Excerpts from a dataset:
***
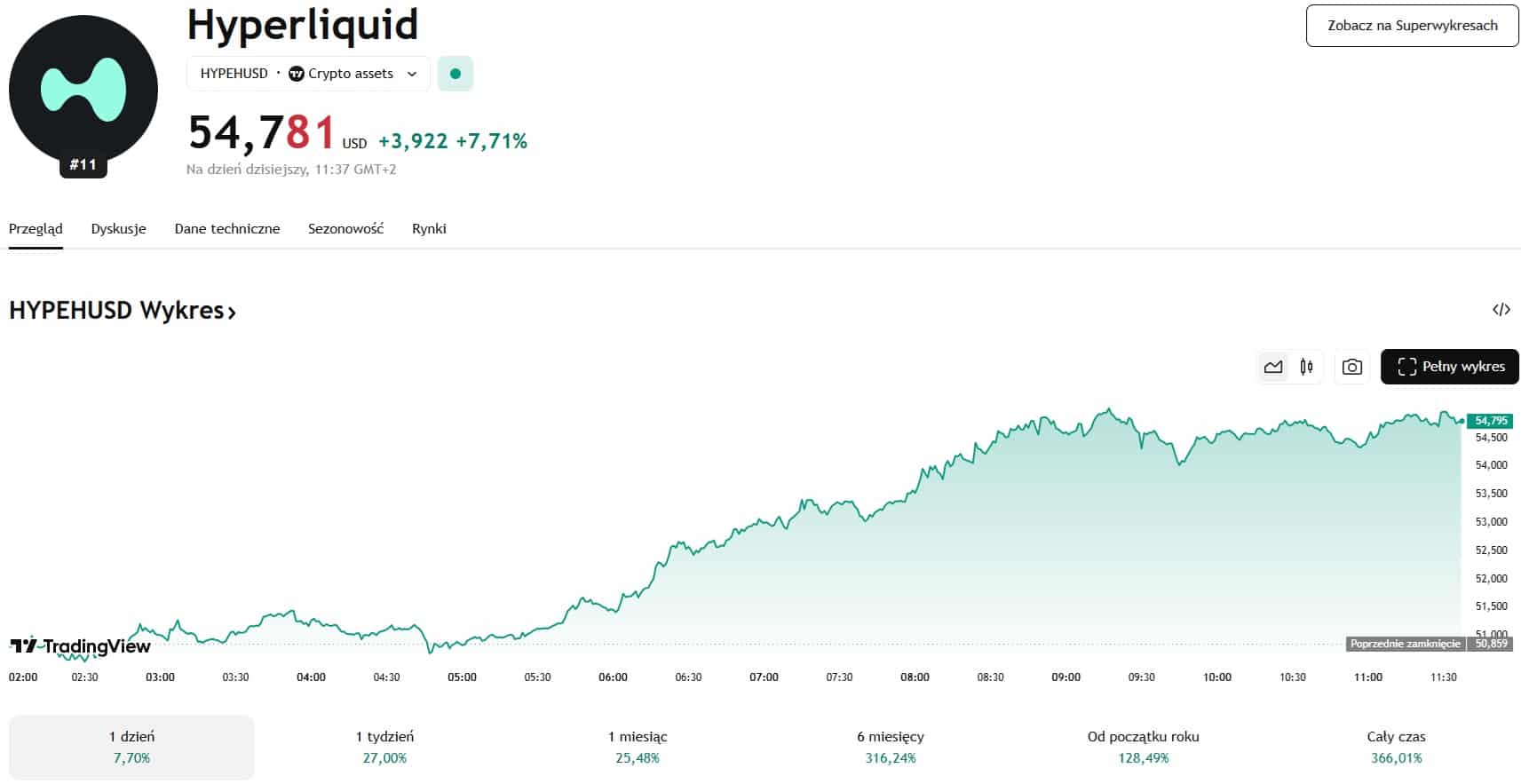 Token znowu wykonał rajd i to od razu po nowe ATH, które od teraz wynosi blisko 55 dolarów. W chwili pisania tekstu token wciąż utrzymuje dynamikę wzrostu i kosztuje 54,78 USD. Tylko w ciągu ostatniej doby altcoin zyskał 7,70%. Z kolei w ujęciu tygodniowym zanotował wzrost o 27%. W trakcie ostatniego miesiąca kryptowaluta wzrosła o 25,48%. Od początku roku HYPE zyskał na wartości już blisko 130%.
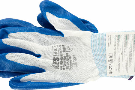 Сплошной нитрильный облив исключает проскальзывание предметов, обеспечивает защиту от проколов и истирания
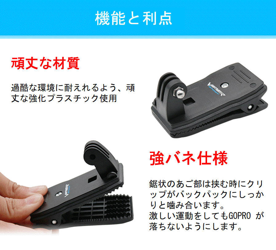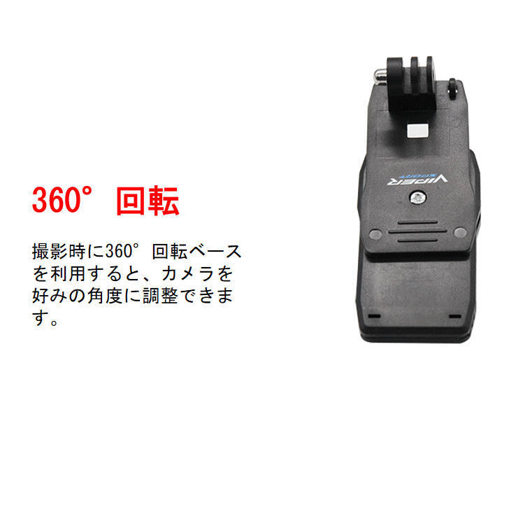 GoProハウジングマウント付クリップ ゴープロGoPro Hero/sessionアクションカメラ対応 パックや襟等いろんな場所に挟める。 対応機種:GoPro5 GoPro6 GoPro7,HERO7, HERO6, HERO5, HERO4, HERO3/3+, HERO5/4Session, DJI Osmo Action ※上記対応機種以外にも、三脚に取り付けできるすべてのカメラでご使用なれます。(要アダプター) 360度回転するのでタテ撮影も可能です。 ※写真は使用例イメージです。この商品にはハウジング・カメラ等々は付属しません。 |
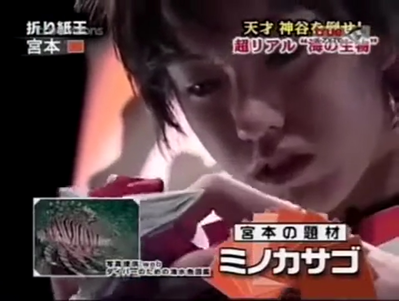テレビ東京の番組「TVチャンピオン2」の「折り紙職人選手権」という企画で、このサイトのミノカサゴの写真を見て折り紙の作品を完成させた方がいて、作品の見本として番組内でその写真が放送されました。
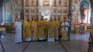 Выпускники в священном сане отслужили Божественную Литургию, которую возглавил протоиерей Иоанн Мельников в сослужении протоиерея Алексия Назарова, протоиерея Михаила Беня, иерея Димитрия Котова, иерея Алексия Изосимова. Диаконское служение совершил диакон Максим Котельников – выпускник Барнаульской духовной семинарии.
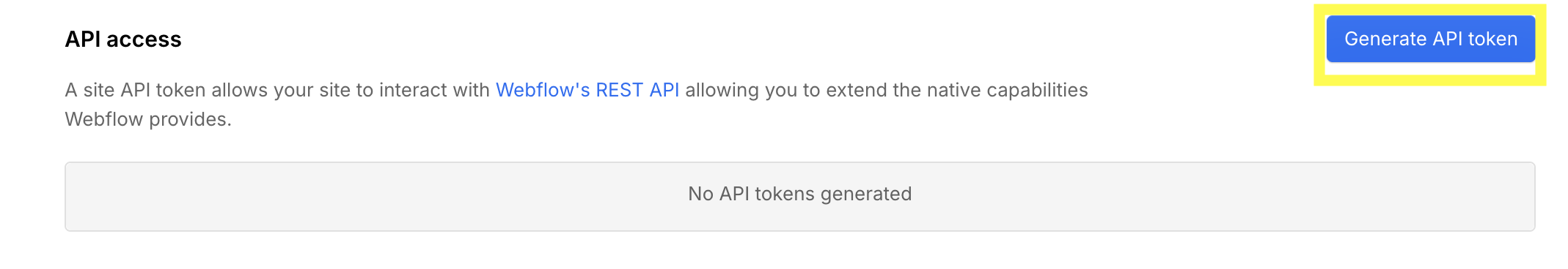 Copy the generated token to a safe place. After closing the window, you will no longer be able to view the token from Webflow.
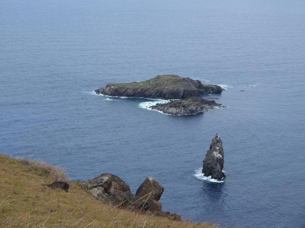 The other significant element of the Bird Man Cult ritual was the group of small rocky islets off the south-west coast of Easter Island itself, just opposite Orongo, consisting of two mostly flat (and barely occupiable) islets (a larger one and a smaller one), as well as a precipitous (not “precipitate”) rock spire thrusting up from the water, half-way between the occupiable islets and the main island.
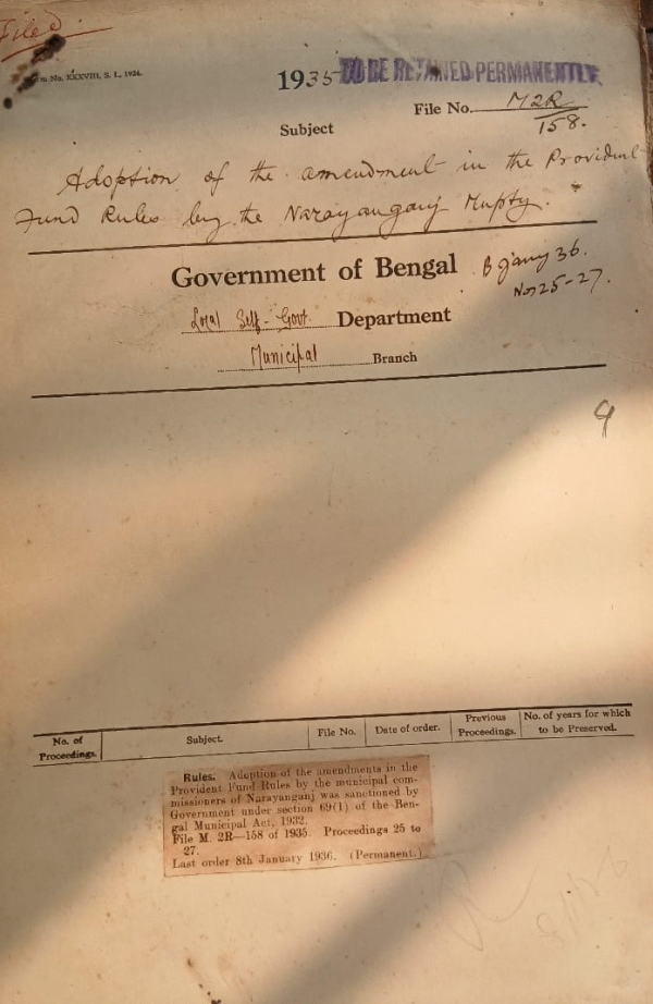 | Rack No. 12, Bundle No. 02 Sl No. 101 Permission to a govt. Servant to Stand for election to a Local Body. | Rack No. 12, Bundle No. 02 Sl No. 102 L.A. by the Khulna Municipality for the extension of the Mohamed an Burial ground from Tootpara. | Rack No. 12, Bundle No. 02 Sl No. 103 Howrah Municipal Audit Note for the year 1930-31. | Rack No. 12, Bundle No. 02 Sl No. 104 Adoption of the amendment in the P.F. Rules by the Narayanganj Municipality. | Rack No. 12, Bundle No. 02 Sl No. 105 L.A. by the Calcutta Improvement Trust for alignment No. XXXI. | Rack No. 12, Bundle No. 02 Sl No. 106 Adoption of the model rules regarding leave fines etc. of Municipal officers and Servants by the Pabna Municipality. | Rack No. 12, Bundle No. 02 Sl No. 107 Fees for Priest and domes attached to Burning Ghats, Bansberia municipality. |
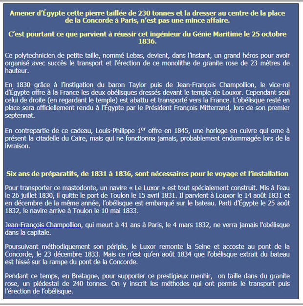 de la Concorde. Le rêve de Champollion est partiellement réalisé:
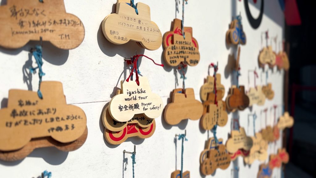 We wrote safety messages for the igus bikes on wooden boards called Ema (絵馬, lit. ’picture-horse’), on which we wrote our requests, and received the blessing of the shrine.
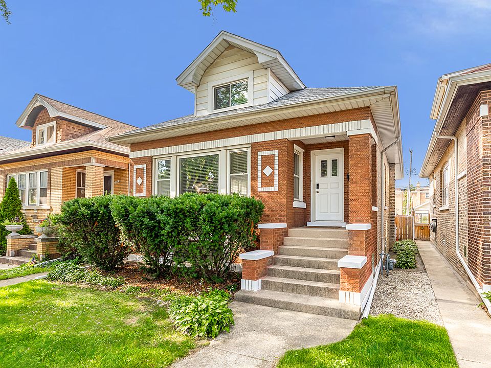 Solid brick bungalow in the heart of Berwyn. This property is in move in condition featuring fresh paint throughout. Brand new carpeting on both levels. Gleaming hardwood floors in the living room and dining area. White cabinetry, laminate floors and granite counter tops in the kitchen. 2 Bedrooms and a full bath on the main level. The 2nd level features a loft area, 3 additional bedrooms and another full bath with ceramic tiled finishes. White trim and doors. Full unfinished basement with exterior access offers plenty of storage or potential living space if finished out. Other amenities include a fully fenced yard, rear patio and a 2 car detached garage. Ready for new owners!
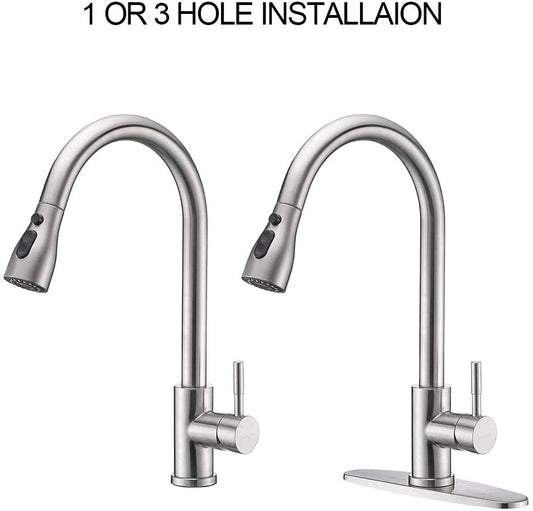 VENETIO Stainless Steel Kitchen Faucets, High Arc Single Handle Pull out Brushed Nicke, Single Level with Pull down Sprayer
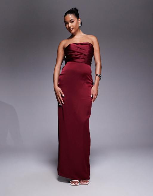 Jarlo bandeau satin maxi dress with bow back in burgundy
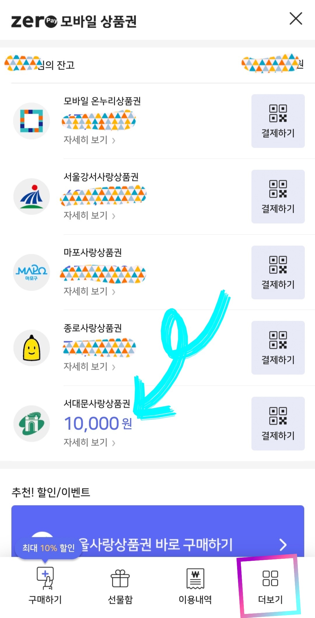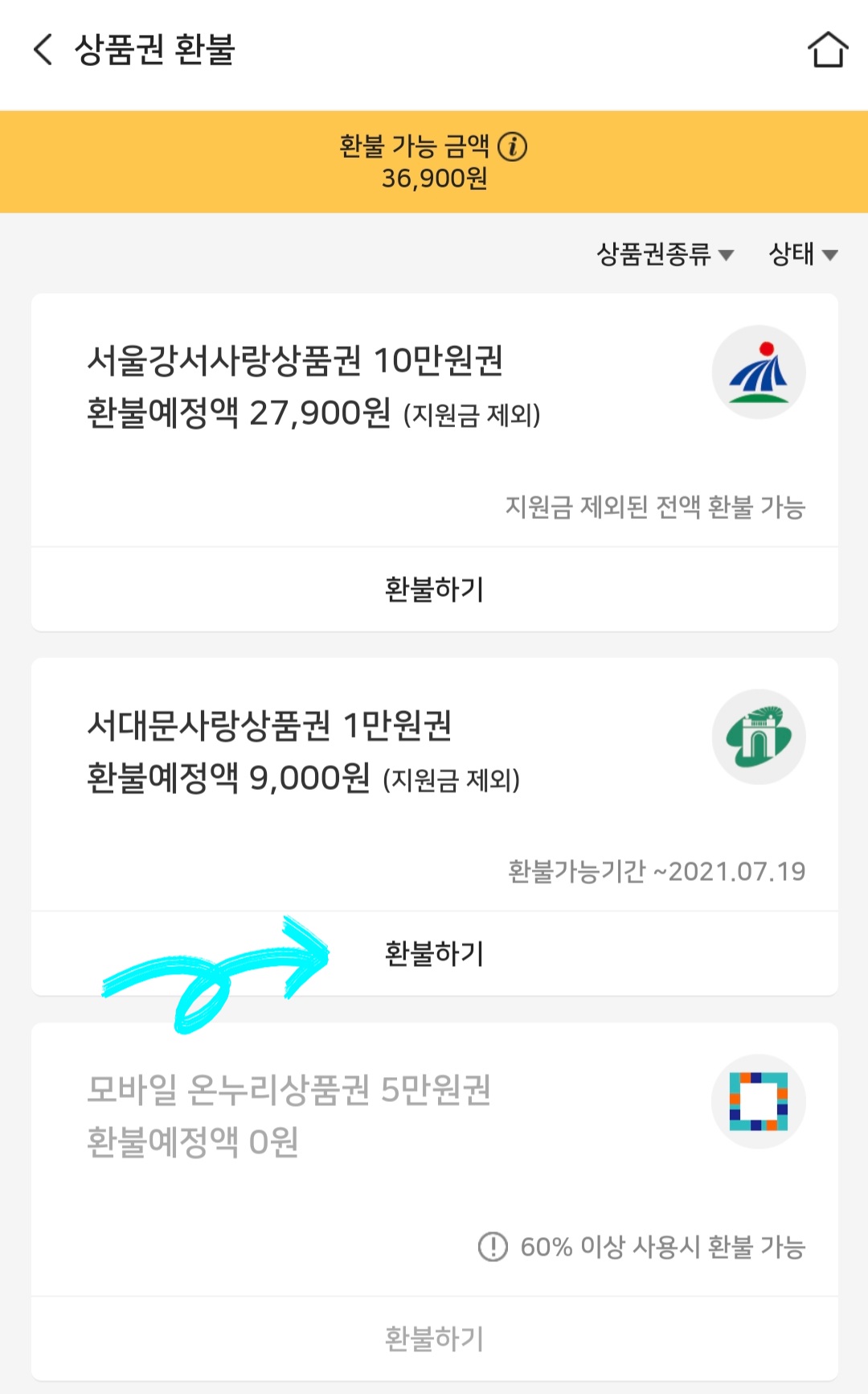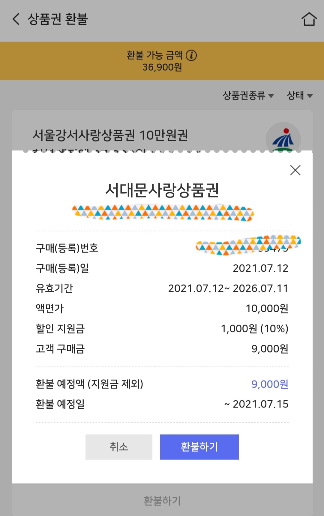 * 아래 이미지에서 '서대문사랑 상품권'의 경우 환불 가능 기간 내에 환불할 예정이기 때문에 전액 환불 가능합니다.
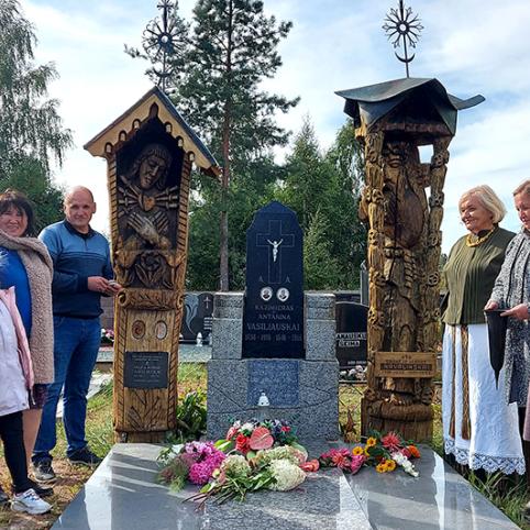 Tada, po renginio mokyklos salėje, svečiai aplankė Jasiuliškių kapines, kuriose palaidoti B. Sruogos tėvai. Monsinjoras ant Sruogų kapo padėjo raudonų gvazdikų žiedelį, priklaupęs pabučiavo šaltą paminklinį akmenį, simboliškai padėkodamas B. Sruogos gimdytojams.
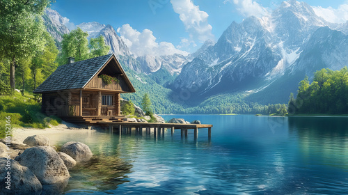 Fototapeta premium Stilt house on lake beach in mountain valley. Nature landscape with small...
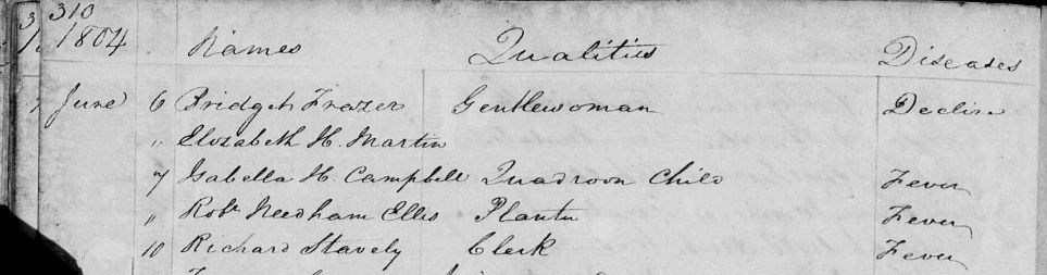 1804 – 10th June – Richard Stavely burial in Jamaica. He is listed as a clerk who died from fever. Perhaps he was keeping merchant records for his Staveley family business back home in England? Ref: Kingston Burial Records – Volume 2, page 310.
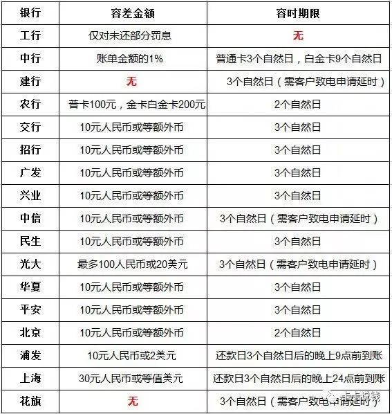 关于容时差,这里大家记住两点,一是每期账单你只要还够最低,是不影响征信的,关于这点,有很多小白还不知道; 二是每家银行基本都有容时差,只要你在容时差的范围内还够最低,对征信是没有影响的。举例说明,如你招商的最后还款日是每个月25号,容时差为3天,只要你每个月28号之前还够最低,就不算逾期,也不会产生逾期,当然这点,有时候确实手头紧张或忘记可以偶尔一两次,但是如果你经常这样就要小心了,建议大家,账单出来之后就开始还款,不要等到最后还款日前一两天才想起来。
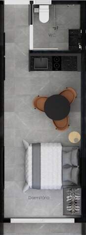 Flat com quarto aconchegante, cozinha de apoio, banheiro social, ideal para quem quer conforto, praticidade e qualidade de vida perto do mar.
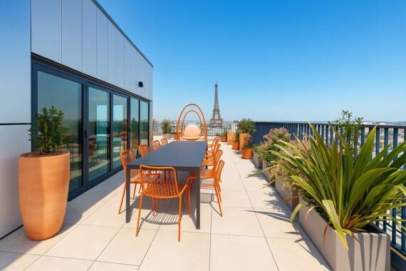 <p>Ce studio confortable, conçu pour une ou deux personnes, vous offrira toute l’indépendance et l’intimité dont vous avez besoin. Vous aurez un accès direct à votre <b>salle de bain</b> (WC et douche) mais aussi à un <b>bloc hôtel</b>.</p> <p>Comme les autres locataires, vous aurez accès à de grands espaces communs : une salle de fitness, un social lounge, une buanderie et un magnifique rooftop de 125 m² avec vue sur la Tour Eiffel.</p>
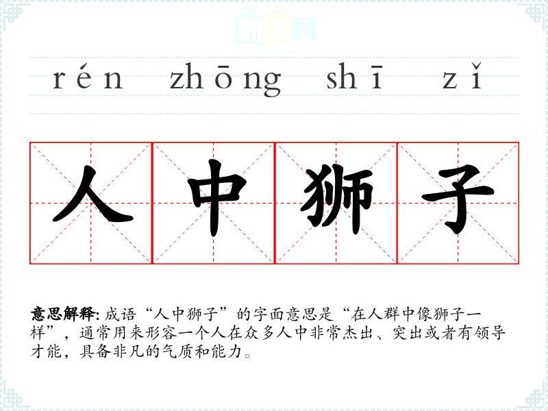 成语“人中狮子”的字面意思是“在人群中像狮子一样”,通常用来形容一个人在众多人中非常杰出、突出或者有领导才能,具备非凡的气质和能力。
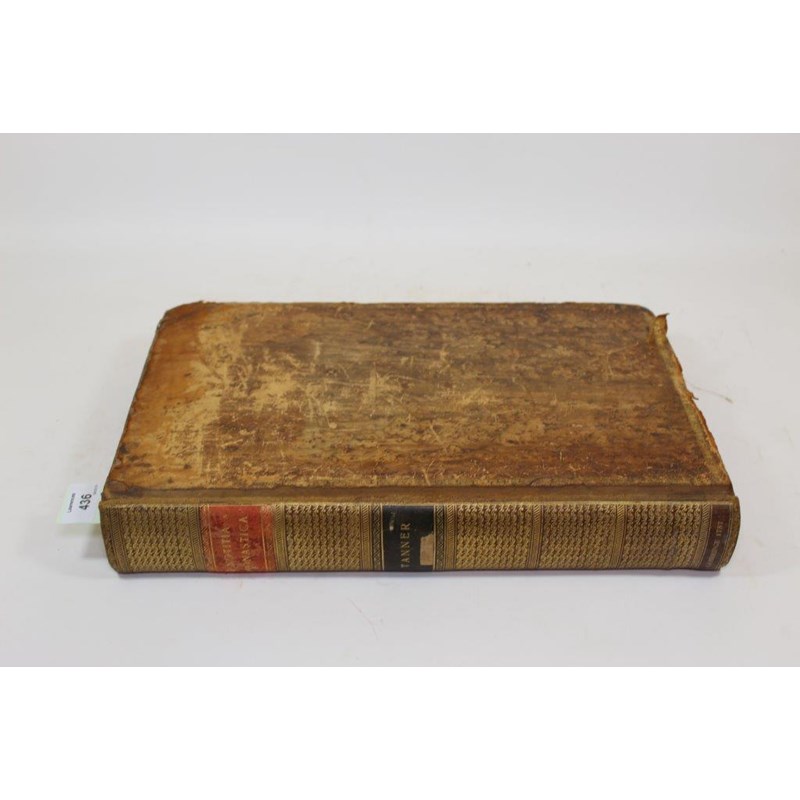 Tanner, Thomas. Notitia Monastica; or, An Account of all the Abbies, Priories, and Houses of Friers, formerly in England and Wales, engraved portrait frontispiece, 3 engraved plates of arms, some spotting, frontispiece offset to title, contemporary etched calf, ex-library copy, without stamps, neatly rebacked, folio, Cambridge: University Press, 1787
***
Requirement: Each line from the one with "1804 – 10th" through the final line of the records must be copied exactly, with no pictures and no additional lines.

Output of the exercise:
 1804 – 10th June – Richard Stavely burial in Jamaica. He is listed as a clerk who died from fever. Perhaps he was keeping merchant records for his Staveley family business back home in England? Ref: Kingston Burial Records – Volume 2, page 310.
 关于容时差,这里大家记住两点,一是每期账单你只要还够最低,是不影响征信的,关于这点,有很多小白还不知道; 二是每家银行基本都有容时差,只要你在容时差的范围内还够最低,对征信是没有影响的。举例说明,如你招商的最后还款日是每个月25号,容时差为3天,只要你每个月28号之前还够最低,就不算逾期,也不会产生逾期,当然这点,有时候确实手头紧张或忘记可以偶尔一两次,但是如果你经常这样就要小心了,建议大家,账单出来之后就开始还款,不要等到最后还款日前一两天才想起来。
 Flat com quarto aconchegante, cozinha de apoio, banheiro social, ideal para quem quer conforto, praticidade e qualidade de vida perto do mar.
 <p>Ce studio confortable, conçu pour une ou deux personnes, vous offrira toute l’indépendance et l’intimité dont vous avez besoin. Vous aurez un accès direct à votre <b>salle de bain</b> (WC et douche) mais aussi à un <b>bloc hôtel</b>.</p> <p>Comme les autres locataires, vous aurez accès à de grands espaces communs : une salle de fitness, un social lounge, une buanderie et un magnifique rooftop de 125 m² avec vue sur la Tour Eiffel.</p>
 成语“人中狮子”的字面意思是“在人群中像狮子一样”,通常用来形容一个人在众多人中非常杰出、突出或者有领导才能,具备非凡的气质和能力。
 Tanner, Thomas. Notitia Monastica; or, An Account of all the Abbies, Priories, and Houses of Friers, formerly in England and Wales, engraved portrait frontispiece, 3 engraved plates of arms, some spotting, frontispiece offset to title, contemporary etched calf, ex-library copy, without stamps, neatly rebacked, folio, Cambridge: University Press, 1787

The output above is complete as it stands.